Ragionerete di logica con il matematico Renato Caccioppoli, 34 anni, nato nel 1904 e ammesso nel 1939.

Conoscerete la triste storia di Teresa Alfieri che parlava con gli spiriti, 43 anni, nata nel 1904 e ammessa nel 1947.

Sul filo della follia camminano  giovani e anziani, studiosi e gente semplice, uomini e donne.  La loro è una voce comune, nel manicomio non ci sono differenze sociali: lo studioso e l’analfabeta parlano allo stesso modo. È come se le disparità sociali svanissero davanti alla malattia per dare a tutti la possibilità di sottrarsi all’oblio degli uomini e del tempo. Questa uguaglianza d’espressione mi ha ricordato la poesia più famosa e amata di Antonio De Curtis, in arte Totò: ‘A livella.

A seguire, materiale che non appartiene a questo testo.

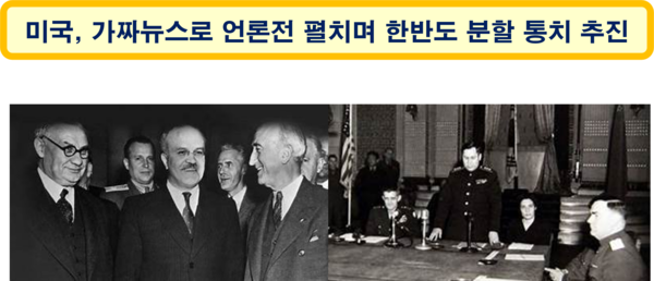 이미 언급한 바와 같이 미국은 생체실험 결과 등을 대가로 일본에 전쟁범죄에 대한 면책특권을 주었고, 일본을 분할 통치하기로 한 연합국의 의도를 미국이 무산시켰다. 나아가 소련은 조선의 신탁통치를 주장하고 미국은 조선을 신속하게 독립시키기를 원한다는 가짜뉴스까지 만들어 전파하면서 미국이 한반도 분할 통치를 강행했다. 이 과정에서 한반도의 55%를 소련에 서둘러 넘겨버린 것은, 소련이 일본을 분할 통치하자고 할 것이 두려워 소련의 요청을 사전에 차단하기 위한 미국의 전략적인 조치로 생각된다.

 Sti pagliacciate ‘e ffanno sulo e vive: nuje simmo serie… appartenimmo a morte!

La cultura e la ricchezza non sono importanti, la morte (e la follia) rende tutti uguali.

Non lasciatevi impressionare dal tema trattato, questo libro si legge con interesse e un pizzico di curiosità. Per me conoscere i “13 folli” è stato un onore e vorrei dedicar loro un pensiero della nota poetessa Alda Merini: “Da queste profonde ferite, usciranno farfalle libere.”

2 commenti:

  1. Grazie per questa segnalazione! Dev'essere un libro bellissimo!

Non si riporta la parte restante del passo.